No entanto é ele que nos permite ousar dizer que a verdadeira protagonista dessa obra é a própria geração 60, que tem como esteio a célula-mãe da Patota dos Sovacões Solitários: “[...] Este não é o velório de um homem só. Mas o velório de uma geração inteira, o sepultamento do sonho desta turma de gente bem-intencionada, mas que não soube cuidar direito das próprias intenções, por melhores que elas fossem” (p. 335). Essa geração é avaliada nesse “Inventário” audacioso, e reflete a vontade cega, obscura e irracional de viver, num conflituoso querer, fatalmente doloroso, porque necessariamente insatisfeito, à medida da filosofia
schopenhaueriana. Mas não consegue deprimir, pois redunda em uma “comovida homenagem àquela década, na evocação de seus poetas, líderes, idéias e ideais” (Ruy Fabiano). Conforme o próprio autor: “No fundo, o leit motiv do romance é o conflito entre João Miguel e Penélope. Ele acha que a geração deles é a maior, trouxe uma imensa contribuição para a humanidade, citando Heráclito de Éfeso, para quem nunca ninguém se banha nas mesmas águas quando vai a um rio. Ela cita Hegel, segundo quem a história sempre se repete, é cíclica.
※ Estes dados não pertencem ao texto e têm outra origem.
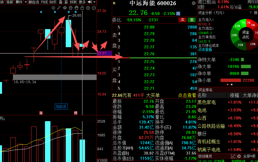 1.如果明天油运、油气方向继续弱,中远低开低走,那就继续看22元附近支撑思路,不在恐慌点乱砍。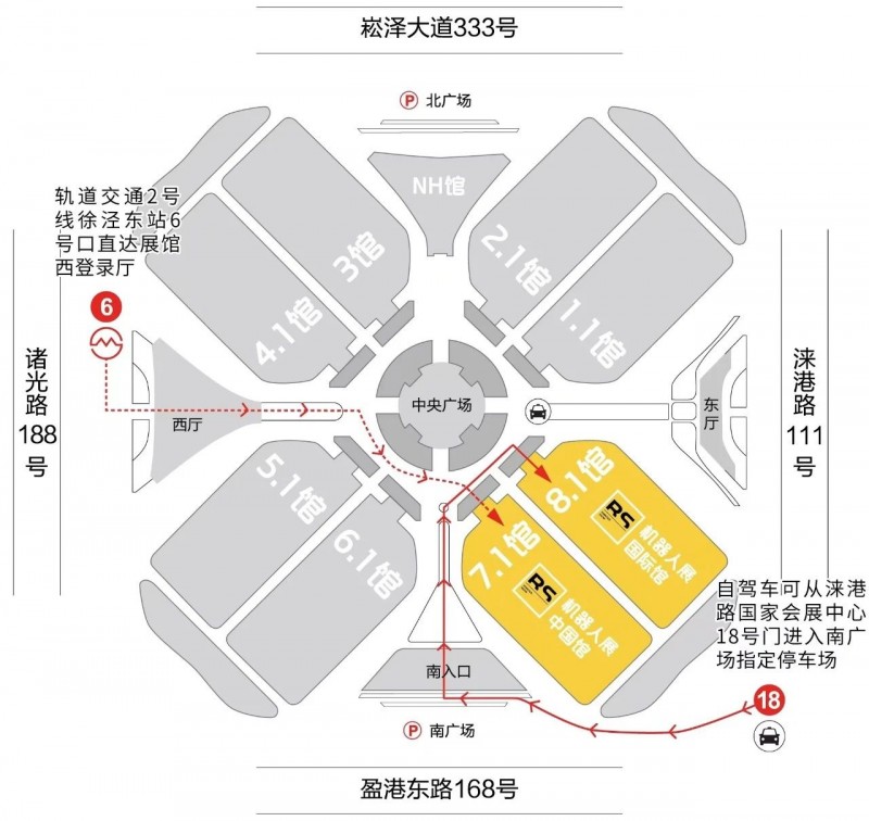 2.如果您自駕車可從國(guó)家會(huì)展中心18號(hào)口(淶港路段),進(jìn)入南廣場(chǎng)指定停車場(chǎng)。從南登錄廳即可到達(dá)7.1H&8.1H。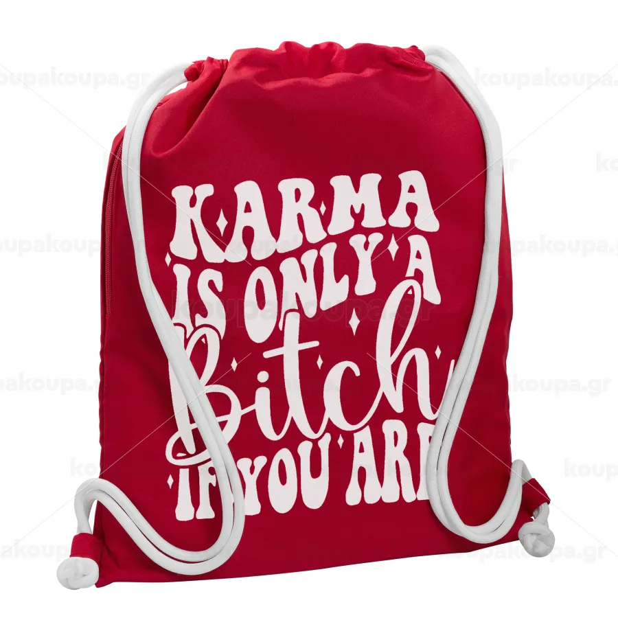 Karma is Only A Bitch if You Are, Backpack pouch GYMBAG Red, with pocket (40x48cm) & thick cords

Ou seja, o que a geração dos 60 fez foi repetir o que vem sendo feito desde Adão e Eva. O livro trata do fracasso da revolução política, que deu nas ditaduras comunistas; do fiasco da revolução dos costumes, que pregou o amor livre e terminou na
‘galinhagem’; do malogro das drogas que prometiam o céu químico e trouxeram o inferno da doença e da competitividade exacerbada; e, também, do sucesso da mulher, que liberou o corpo e dá uma aula de ética aos homens.”
Diante de tal esclarecimento, mais importante que tentar fundar uma teoria sobre essa obra, o que inclusive não caberia neste artigo, é lê-la, e tentar percebê-la como uma grande hipérbole de uma alma barroca em linguagem moderna, a descascar a aura de todo o romantismo e de todo idealismo da pretensa revolução social e de costumes promulgada pela geração dos anos 60. O desmonte do mito dentro do rito – o velório –: a impiedade até a morte, e a ousadia, a única aventura que tenta pateticamente sobreviver até a última cena, tão surpreendente quanto tola, como assim parece ser todo o exposto submetido à avaliação da impiedade e da insubmissão. “Caía aquele último dia, virando noite, mas todos os presentes puderam ver muito bem o fulgor boreal da pele branca da moça, que se despiu rapidamente, jogando a blusa, a saia, os sapatos e as meias na grama. Quando ela tirou a calcinha preta e a atirou sobre o caixão já meio coberto de terra, seus pêlos púbicos refletiram os últimos raios do sol, o fulgor rubro do dia extinto. Fazia-se tarde. Era apenas o fim.”
Ousar expor e expor o que ousa, ousando. Eis a fórmula que José Nêumanne utilizou para escalpelar a euforia dos anos 60, numa exasperante e paradoxalmente comovente narrativa, desesperada e terna. A obra convida a um velório que ressuscita carinhosamente, mesmo com todo ceticismo, o sonho, neste dia de finados em que concluímos este artigo e as personagens de papel parecem encarnar em nós, em tudo e todos a nossa volta. É corpo de um silêncio acordado que parece não tão cedo parar de ganir, de gritar, até que se decida: Valeu a pena? Quem ou o quê decidirá?
Sobre o autor: José Nêumanne Pinto nasceu em 1951, em Uiraúna, Paraíba, é casado e tem três filhos e um neto. Jornalista, escreve editoriais no Jornal da Tarde e artigos para O Estado de S. Paulo e apresenta comentários diários na Rádio Jovem Pan e na rede de televisão SBT. Escritor, tem, além deste, outros oito livros publicados: de poesia (As tábuas do sol, Barcelona, Borborema e Solos do silêncio), ficção (Veneno na veia), reportagem (Atrás do palanque e A República na lama), ensaios políticos (Reféns do passado) e perfil biográfico (Erundina, a mulher que veio com a chuva). Gravou poemas no CD As fugas do sol e organizou a antologia Os cem melhores poetas brasileiros do século.